Omit the pictures, then write out every entry exactly as it reads.

BEGIN

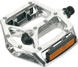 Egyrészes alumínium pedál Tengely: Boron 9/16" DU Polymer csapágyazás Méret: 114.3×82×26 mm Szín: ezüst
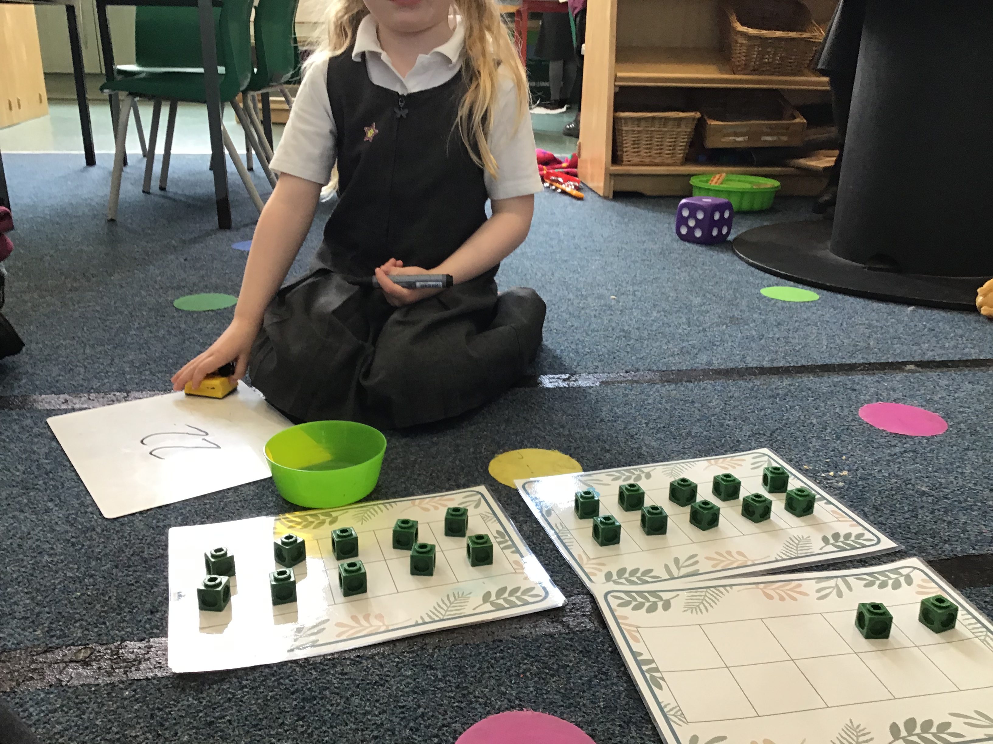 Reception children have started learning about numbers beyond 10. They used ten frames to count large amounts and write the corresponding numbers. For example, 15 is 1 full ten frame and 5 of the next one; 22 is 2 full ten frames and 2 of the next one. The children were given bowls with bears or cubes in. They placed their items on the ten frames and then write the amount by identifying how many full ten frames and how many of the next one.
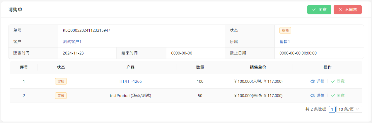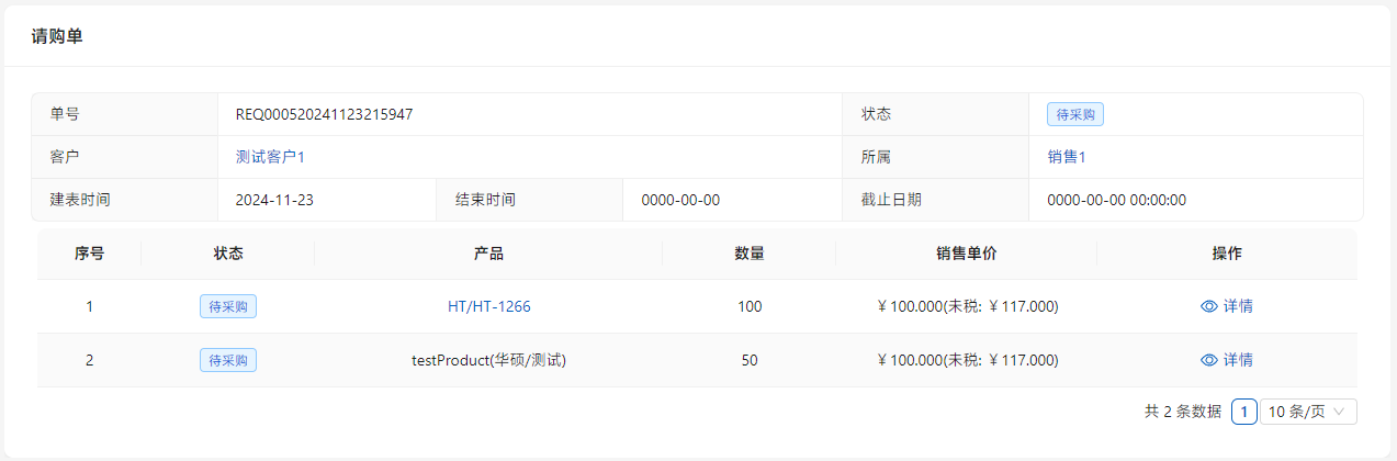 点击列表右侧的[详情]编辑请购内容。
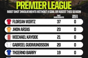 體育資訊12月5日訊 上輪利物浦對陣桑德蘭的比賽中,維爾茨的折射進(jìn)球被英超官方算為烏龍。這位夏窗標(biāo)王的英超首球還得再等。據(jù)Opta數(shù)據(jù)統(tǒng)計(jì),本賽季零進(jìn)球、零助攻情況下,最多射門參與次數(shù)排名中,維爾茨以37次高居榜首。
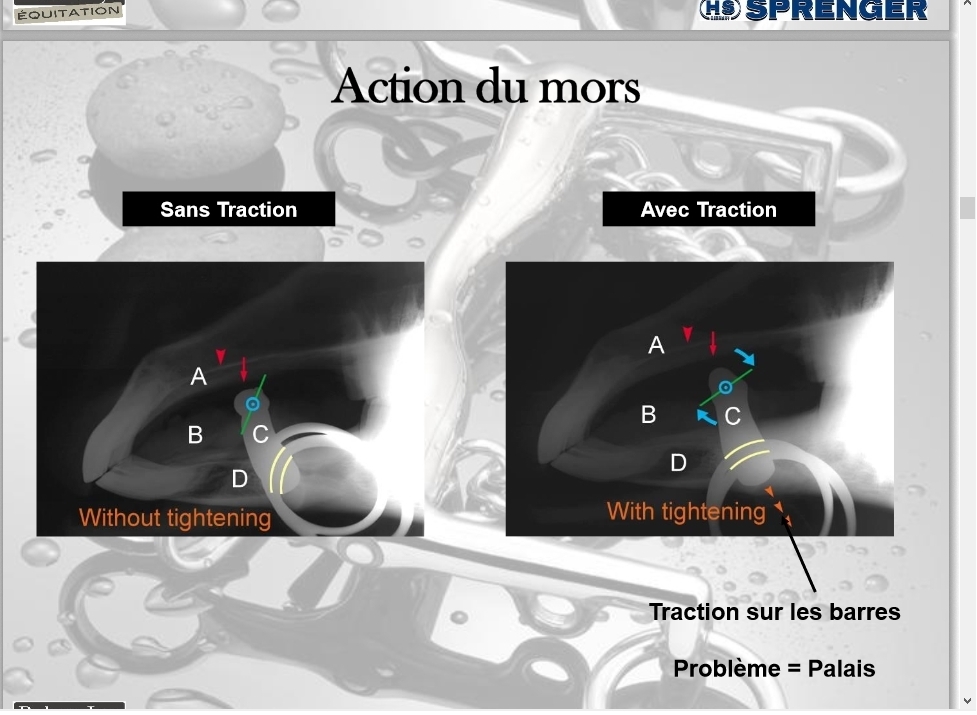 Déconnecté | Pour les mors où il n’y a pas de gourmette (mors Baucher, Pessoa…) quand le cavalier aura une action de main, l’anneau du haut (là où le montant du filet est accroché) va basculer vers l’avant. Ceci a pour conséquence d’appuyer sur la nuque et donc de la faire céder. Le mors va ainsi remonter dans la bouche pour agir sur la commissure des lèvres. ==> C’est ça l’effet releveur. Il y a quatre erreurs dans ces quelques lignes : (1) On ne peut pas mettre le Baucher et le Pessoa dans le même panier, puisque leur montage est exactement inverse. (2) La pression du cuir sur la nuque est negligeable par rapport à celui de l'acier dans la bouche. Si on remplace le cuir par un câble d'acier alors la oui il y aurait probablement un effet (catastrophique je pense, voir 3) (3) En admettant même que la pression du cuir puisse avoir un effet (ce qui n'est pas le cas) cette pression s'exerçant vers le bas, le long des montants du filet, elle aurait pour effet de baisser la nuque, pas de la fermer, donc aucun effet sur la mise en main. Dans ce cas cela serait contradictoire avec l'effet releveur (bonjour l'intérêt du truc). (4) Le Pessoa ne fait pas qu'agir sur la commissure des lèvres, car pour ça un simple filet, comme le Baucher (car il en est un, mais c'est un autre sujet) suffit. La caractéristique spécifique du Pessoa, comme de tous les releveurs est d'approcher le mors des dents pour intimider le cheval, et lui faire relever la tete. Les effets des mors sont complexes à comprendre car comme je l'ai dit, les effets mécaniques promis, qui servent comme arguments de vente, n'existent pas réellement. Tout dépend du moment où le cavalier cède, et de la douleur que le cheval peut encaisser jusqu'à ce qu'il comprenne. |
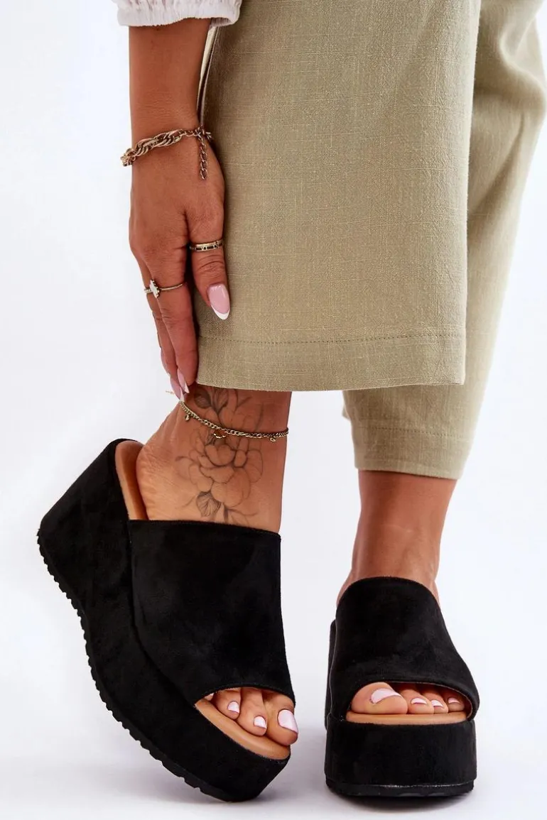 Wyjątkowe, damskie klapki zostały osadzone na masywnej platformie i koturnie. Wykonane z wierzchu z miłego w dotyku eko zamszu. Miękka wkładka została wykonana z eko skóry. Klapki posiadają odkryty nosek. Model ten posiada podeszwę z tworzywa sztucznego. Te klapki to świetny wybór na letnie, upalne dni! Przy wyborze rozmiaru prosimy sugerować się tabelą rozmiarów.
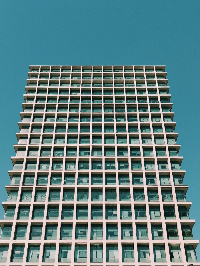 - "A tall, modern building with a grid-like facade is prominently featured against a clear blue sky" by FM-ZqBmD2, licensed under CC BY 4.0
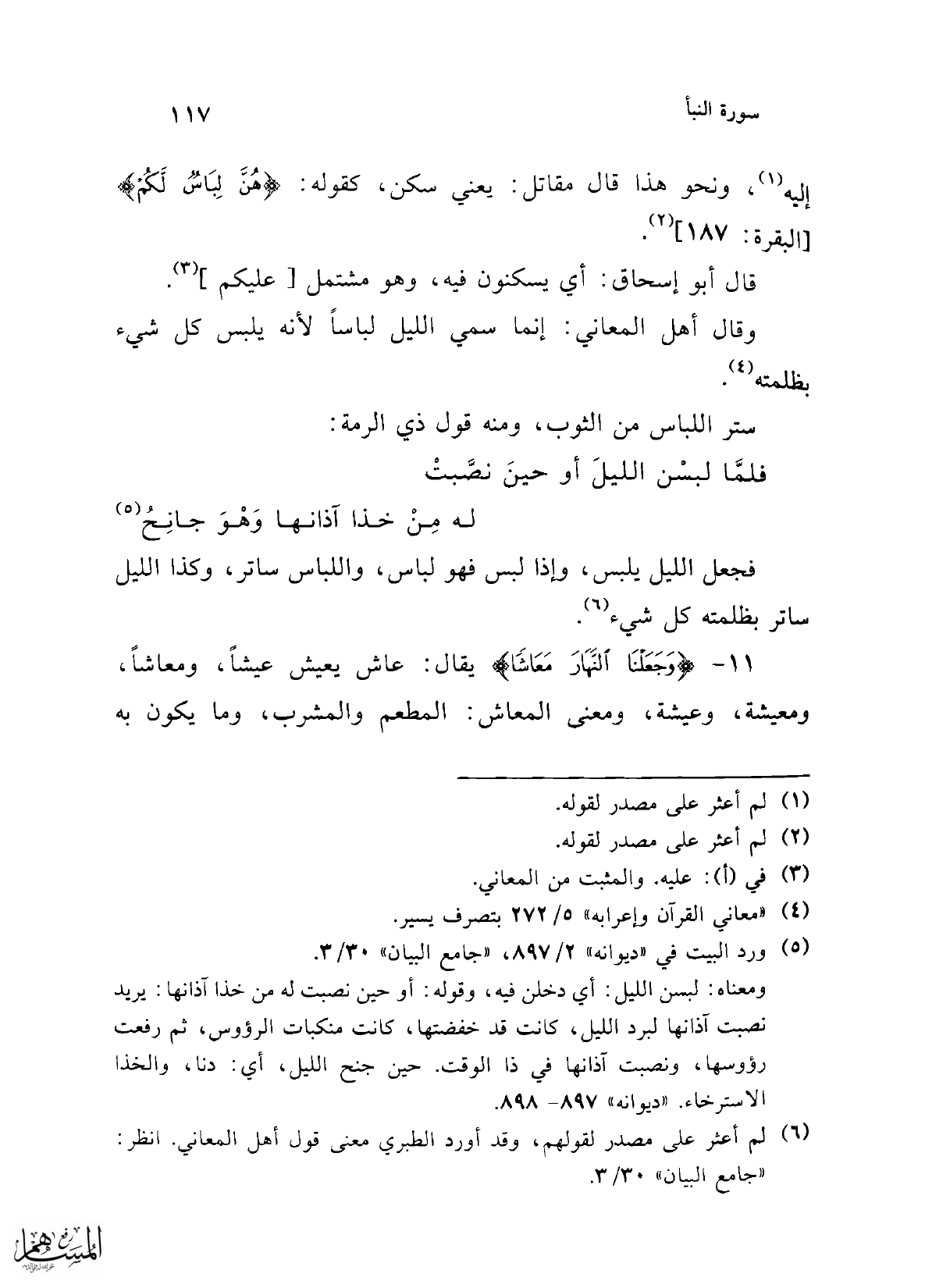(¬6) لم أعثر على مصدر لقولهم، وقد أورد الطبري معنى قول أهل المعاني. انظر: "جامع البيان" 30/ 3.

END

_Result of this exercise_:
 Egyrészes alumínium pedál Tengely: Boron 9/16" DU Polymer csapágyazás Méret: 114.3×82×26 mm Szín: ezüst
 Reception children have started learning about numbers beyond 10. They used ten frames to count large amounts and write the corresponding numbers. For example, 15 is 1 full ten frame and 5 of the next one; 22 is 2 full ten frames and 2 of the next one. The children were given bowls with bears or cubes in. They placed their items on the ten frames and then write the amount by identifying how many full ten frames and how many of the next one.
 点击列表右侧的[详情]编辑请购内容。
 體育資訊12月5日訊 上輪利物浦對陣桑德蘭的比賽中,維爾茨的折射進(jìn)球被英超官方算為烏龍。這位夏窗標(biāo)王的英超首球還得再等。據(jù)Opta數(shù)據(jù)統(tǒng)計(jì),本賽季零進(jìn)球、零助攻情況下,最多射門參與次數(shù)排名中,維爾茨以37次高居榜首。
 Déconnecté | Pour les mors où il n’y a pas de gourmette (mors Baucher, Pessoa…) quand le cavalier aura une action de main, l’anneau du haut (là où le montant du filet est accroché) va basculer vers l’avant. Ceci a pour conséquence d’appuyer sur la nuque et donc de la faire céder. Le mors va ainsi remonter dans la bouche pour agir sur la commissure des lèvres. ==> C’est ça l’effet releveur. Il y a quatre erreurs dans ces quelques lignes : (1) On ne peut pas mettre le Baucher et le Pessoa dans le même panier, puisque leur montage est exactement inverse. (2) La pression du cuir sur la nuque est negligeable par rapport à celui de l'acier dans la bouche. Si on remplace le cuir par un câble d'acier alors la oui il y aurait probablement un effet (catastrophique je pense, voir 3) (3) En admettant même que la pression du cuir puisse avoir un effet (ce qui n'est pas le cas) cette pression s'exerçant vers le bas, le long des montants du filet, elle aurait pour effet de baisser la nuque, pas de la fermer, donc aucun effet sur la mise en main. Dans ce cas cela serait contradictoire avec l'effet releveur (bonjour l'intérêt du truc). (4) Le Pessoa ne fait pas qu'agir sur la commissure des lèvres, car pour ça un simple filet, comme le Baucher (car il en est un, mais c'est un autre sujet) suffit. La caractéristique spécifique du Pessoa, comme de tous les releveurs est d'approcher le mors des dents pour intimider le cheval, et lui faire relever la tete. Les effets des mors sont complexes à comprendre car comme je l'ai dit, les effets mécaniques promis, qui servent comme arguments de vente, n'existent pas réellement. Tout dépend du moment où le cavalier cède, et de la douleur que le cheval peut encaisser jusqu'à ce qu'il comprenne. |
 Wyjątkowe, damskie klapki zostały osadzone na masywnej platformie i koturnie. Wykonane z wierzchu z miłego w dotyku eko zamszu. Miękka wkładka została wykonana z eko skóry. Klapki posiadają odkryty nosek. Model ten posiada podeszwę z tworzywa sztucznego. Te klapki to świetny wybór na letnie, upalne dni! Przy wyborze rozmiaru prosimy sugerować się tabelą rozmiarów.
 - "A tall, modern building with a grid-like facade is prominently featured against a clear blue sky" by FM-ZqBmD2, licensed under CC BY 4.0
(¬6) لم أعثر على مصدر لقولهم، وقد أورد الطبري معنى قول أهل المعاني. انظر: "جامع البيان" 30/ 3.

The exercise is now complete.